SAN ANTONIO – Speaking to reporters for more than an hour at the general managers meetings Tuesday, Derek Falvey received a question about whether the Twins could be a surprise team in the bidding for Juan Soto, a free agent who is expected to receive more than a half-billion dollars.
“I would say our payroll is going to land in a very similar place to where we have been historically,” said Falvey, the Twins president of baseball operations.
Cross the top free agent off the list.
With little payroll flexibility entering the offseason, the Twins front office will spend the winter determining how much it wants to shake up the roster through trades.
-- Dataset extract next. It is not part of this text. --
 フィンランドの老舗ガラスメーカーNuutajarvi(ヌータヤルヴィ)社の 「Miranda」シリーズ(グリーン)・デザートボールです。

The Twins have no plans to phase into a rebuild. They can opt to keep almost all their roster together, minus the six players who departed through free agency, but it would amount to essentially running it back with a group that collapsed in the final six weeks of the season and fell out of a playoff spot.
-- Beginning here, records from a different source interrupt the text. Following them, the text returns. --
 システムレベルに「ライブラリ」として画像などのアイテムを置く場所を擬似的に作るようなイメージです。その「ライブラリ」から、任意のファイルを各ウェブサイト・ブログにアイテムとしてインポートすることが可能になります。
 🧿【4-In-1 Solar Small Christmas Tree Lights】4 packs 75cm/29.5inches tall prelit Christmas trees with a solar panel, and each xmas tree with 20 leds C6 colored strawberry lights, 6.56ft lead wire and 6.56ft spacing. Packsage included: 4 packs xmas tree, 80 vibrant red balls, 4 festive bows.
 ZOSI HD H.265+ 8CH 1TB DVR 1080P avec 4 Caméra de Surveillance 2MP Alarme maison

Instead, the Twins are expected to look for ways to reallocate money to different parts of the roster through trades while maintaining a payroll around $130 million. It makes pitcher Chris Paddack, catcher Christian Vázquez and utilityman Willi Castro their top trade candidates. Paddack is owed $7.5 million in the last year of his contract and Vázquez will receive $10 million next year. Castro is projected to command more than $6 million through salary arbitration in his last year before he is eligible to reach free agency.
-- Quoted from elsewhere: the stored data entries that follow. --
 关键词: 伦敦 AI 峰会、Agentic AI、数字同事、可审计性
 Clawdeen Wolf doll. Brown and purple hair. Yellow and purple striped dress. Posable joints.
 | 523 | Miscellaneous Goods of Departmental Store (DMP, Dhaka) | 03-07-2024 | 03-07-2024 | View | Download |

“We’re going to have to be creative if we want to make a lot of tweaks to the group,” Falvey said. “In some ways, I do believe that the group we have, as constituted, is a really good team, a really competitive team. I know we need some guys to come back. We need some guys to be healthy.
“We feel like it’s a good group to build off, but we’re going to just have to see where the rest of the offseason shakes out from a trade standpoint.”